= Bay (cloth) =

Coarse woolen cloth like Baize but lighter and with shorter pile

Bay (Bayette, Bayeta) was a napped coarse woolen fabric, not technically considered cloth, introduced to England by Flemish immigrants in the 16th century. It was produced in Essex at Colchester and Bocking, and also in various towns in the West of England. Production continued until the 19th century. Bays were made into linings for furniture, hangings, curtains, bed surroundings, and cloaks.

== Colchester bays ==
Colchester bays had a reputation for high quality in the 17th and 18th centuries. Bay making was introduced to Colchester in the 15th century following economic and social change after the Black Death. Enhanced wages for workers in this period created an increased demand for better quality clothing. Colchester had been producing russets for common clothes and experienced a decrease in demand due to this. To revive the textile industry in Colchester, Edward III issued letters of protection to Flemish immigrants fleeing persecution from Catholic Spain. Weavers were invited to settle in Colchester to establish the bay trade and teach local weavers the skills required to make bay.
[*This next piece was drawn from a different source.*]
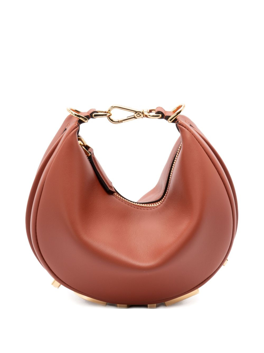 mini Fendigraphy leather shoulder bag Highlights - Brown - Calf leather - Gold-tone lettering logo - Zip fastening - Detachable shoulder-strap Made in Italy Composition Outer: Calf Leather 100%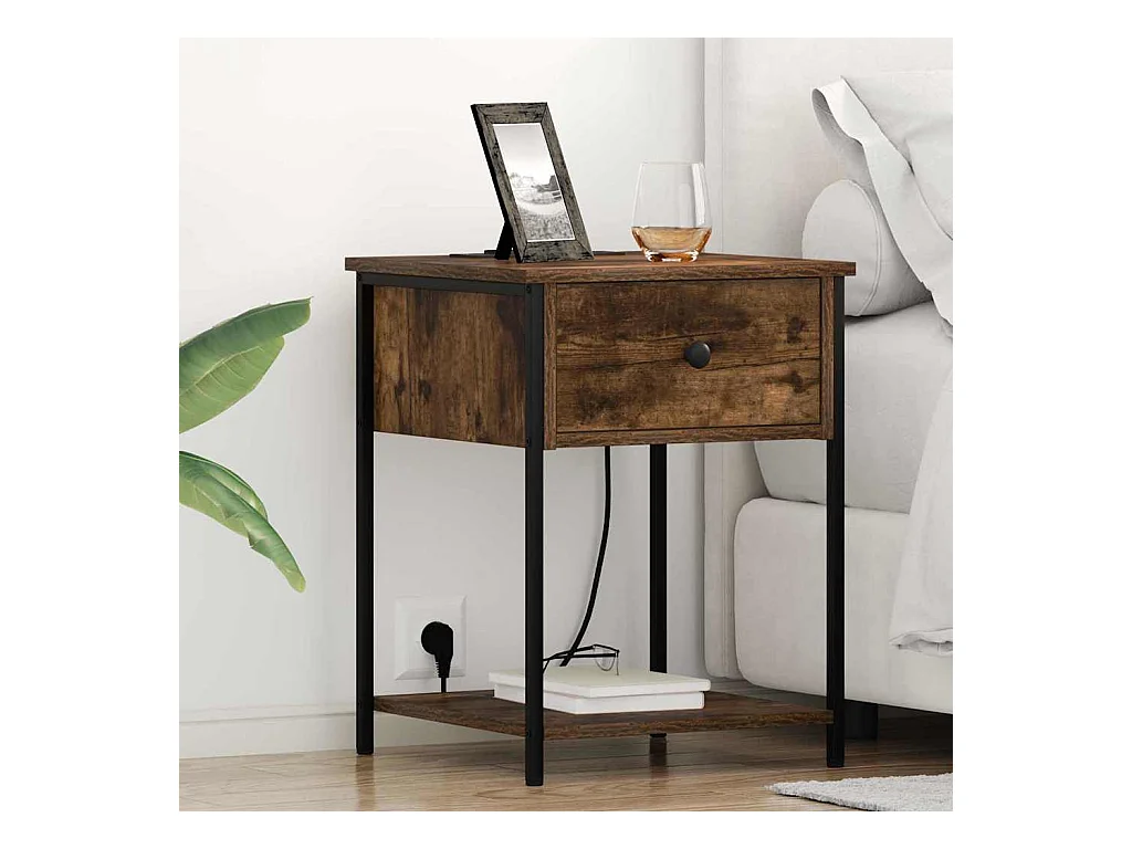 Mesilla de noche con estación de carga con cajón Roble ahumado

The River Colne bank provided space to set up tenters, and fulling mills developed around the town, including the area now known as the Dutch Quarter. The Dutch Bay Hall was established in Colchester to search and check the bays for a high standard and quality. They were given cloth seals marking their production at Colchester. Bay was mostly exported to the clergy in Spain and Portugal. Priests dyed them green and wore them as aprons. The Spanish King and Mexican Grandees wore cloaks of bay over their other finery. Monks and nuns wore black dyed bays. Colchester Museum has a piece of bay in their collection.

== Characteristics ==
Bay was similar to baize but lighter in weight and with a shorter nap. Bay was a plain weave fabric with worsted warp and woolen weft, although examination of a sample of Colchester bay surviving in 1903 revealed it to have a twill weave. Strips of bay were created at least two yards wide and weighed 30 pounds.

== Bay making process ==
Raw material was delivered to the mill after being sorted by the wool stapler to ensure the yarn is not uneven. It would be beaten to remove knots and dirt. The material arrived fleeced. It was washed with soap, then partly dried. When dry, the material was pressed through two sets of rollers to turn it into locks then slivers. Sometimes it would be oiled with linseed oil. The material was then delivered to the spinners. Before the Industrial Revolution, spinsters would spin the wool in village cottages, twisting the fibres into long threads of yarn. After the invention of the Spinning Jenny, a man would walk backwards drawing out threads from the machine and turn the handles to twist the threads. Spun yarn was sent to the weavers warehouses where it was sized with glue and urine then hung out to dry so it would run well though the loom. The yarn was made into cloth on the loom by running threads parallel to each other to create warps and then crossing the warp with threads inserted sideways to create wefts. The cloth then returned to the mill to be washed with ashes, linseed oil and urine before being fulled on wooden beams in water streams to thicken the cloth. The cloth was washed in the stream then stretched on tenterhooks with fumes of burning sulphur to turn the cloth white. A nap would be raised on the cloth when dry using the heads of teazels. The bay was then packed up and sent to the Dutch Bay Hall for inspection before the Merchant Adventurers took the bay to sell in the London markets.